The Reform which will first be considered by Mexico’s House of Representatives, then followed by its Senate, carries with it some provisions that, if implemented as written, will have a damaging effect upon one of the nation’s top job and income generators: the maquiladora industry.

Since the inception of this production sharing regime in the 1960s, firms manufacturing in Mexico for subsequent export (commonly known as maquiladoras) have been exempt from paying IVA, or a value-added tax (VAT), on items that have been imported for incorporation into manufactured goods destined for foreign markets. Should the fiscal reform be passed, as is, the results on the industry, on future investment , employment and job creation in it, as well as Mexico’s continued ability to be a magnet for foreign direct investment (FDI) will be seriously compromised.

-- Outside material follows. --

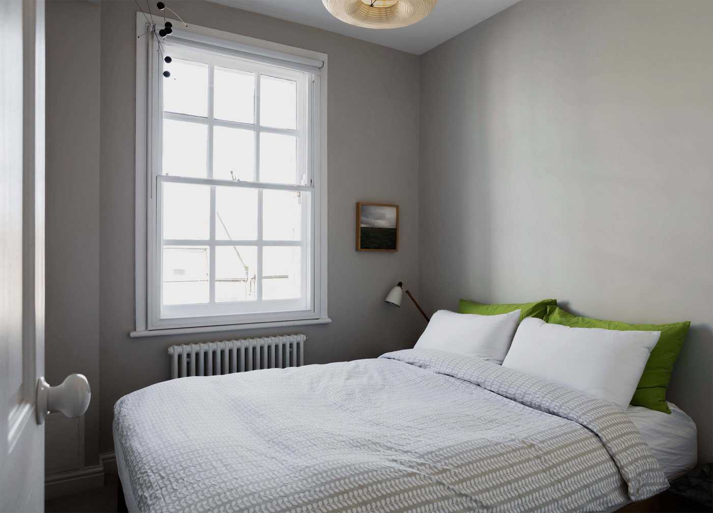 Поворачиваемые светильники у изголовья кровати могут полностью заменить верхнее освещение в маленькой спальне, а встроенные ниши в стене могут заменить прикроватные тумбочки.

Juarez Now, a U.S.- Mexico border business publication, reports that “according to Carlos Angulo, a congressional member of Mexico’s conservative PAN party, as well as a member of the Maquiladora Committee and Secretary of the Constitutional Reform Committee of the House of Representatives,” the enactment of the legislation, as it presently stands, would produce dire consequences for the maquiladora industry. Angulo asserts that an elimination of the VAT exemption for the temporary importation of materials used in manufacturing for export in Mexico would create the need for the maquiladora industry “as a whole to increase its working capital by US$17.5 billion at an annual cost of about US$750 million to keep up with IVA , or, in English, value-added tax requirements,” that the proposed Mexican Fiscal Reform would impose.

In addition to the aforementioned, supply chain transfers between plants in Mexico would also be subject to Mexican IVA, as well. This would be a new and additional burden on manufacturers and their suppliers. Manufacturers on the border would be subject to an increase in value-added tax from its current 11% to the 16% that is imposed upon the rest of the country.

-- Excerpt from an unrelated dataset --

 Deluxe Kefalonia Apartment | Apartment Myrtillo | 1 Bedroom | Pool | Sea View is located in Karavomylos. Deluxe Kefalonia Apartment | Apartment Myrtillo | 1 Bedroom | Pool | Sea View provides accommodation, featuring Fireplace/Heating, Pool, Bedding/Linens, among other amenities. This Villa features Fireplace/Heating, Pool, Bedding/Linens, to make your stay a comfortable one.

As might be assumed, organizations that lobby on behalf of the maquiladora industry and its interests have taken a position in opposition to any change in the value-added tax regime that has played a large role in making Mexico a preeminent manufacturing power among emerging nations. The principal advocate for the industry is the National Council of the Maquiladora and Export Manufacturing Industry, also known by its Spanish acronym INDEX.

Another thorny issue included in the Mexican Fiscal Reform in its current draft is a provision that raises the corporate income tax rate. Again, Carlos Angulo, quoted in a recent edition of Juarez Now, puts the impact of this change into perspective. According to him, “the annual income tax bill of a typical 500 worker maquiladora operation’s income tax bill would rise from a current levy of approximately $24 million Mexican Pesos to in excess of MX$230 million.

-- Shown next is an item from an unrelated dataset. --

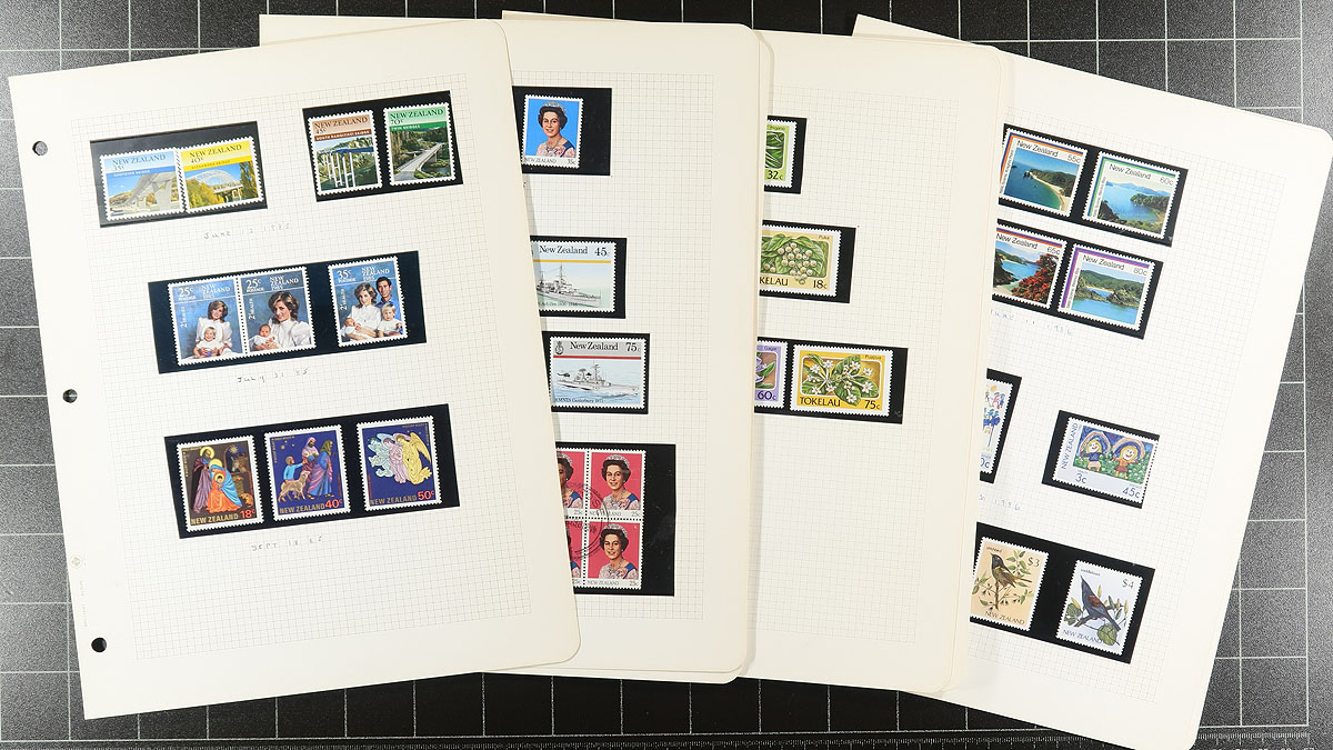 1960's-1990's mint and used collection (sometimes mint, sometimes used, sometimes both). All neatly mounted in black mounts on quadrilled pages. Quite complete throughout this time period (there is a bit of earlier 20th century, which we have not counted). Better mint includes £1 pink geyser, 2 sets of the $4-$10 "Arms", some blocks, better values such as the $10 Kiwi, a couple of complete booklets and even a bit of Tokelau and Ross Dependency, but no "health" semi-postals. The face value of the 1980's onward material is about NZ$200.00. Estimate =

The National Council of the Maquiladora and Export Manufacturing Industry (INDEX) has written position papers on both the proposed changes to the current value-added tax exemption for export maquiladoras, and the current draft initiative to hike corporate income taxes on maquiladora industry manufacturers.

It is expected the Mexican Fiscal Reform in some form, hopefully a diluted one, will be announced during the week of October 20th. It is, however, necessary between now and then, to make elected officials, industry workers and the public at large aware of the economic risks associated with getting the Mexican Fiscal Reform wrong.